----- Given material -----

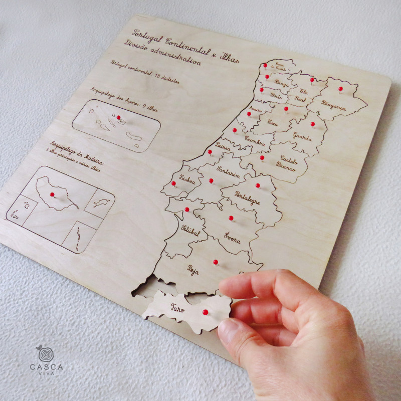 Tabuleiro para encaixe das peças dos distritos e ilhas.
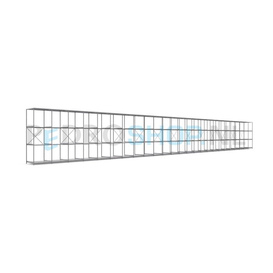 Metalen stellingkast: 300cm (h) x 100cm (d) x 2518.6cm (l)
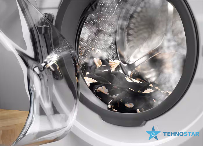 Модель оснащена інверторним двигуном, що забезпечує тиху та енергоефективну роботу, знижуючи рівень шуму до 74 дБ під час віджиму. Це дозволяє використовувати машину навіть у вечірній час, не турбуючи оточуючих.

-----

From the line with "Metalen stellingkast: 300cm" through the final line of the data above, copy everything exactly, both ends included, but not the pictures.

 Metalen stellingkast: 300cm (h) x 100cm (d) x 2518.6cm (l)
 Модель оснащена інверторним двигуном, що забезпечує тиху та енергоефективну роботу, знижуючи рівень шуму до 74 дБ під час віджиму. Це дозволяє використовувати машину навіть у вечірній час, не турбуючи оточуючих.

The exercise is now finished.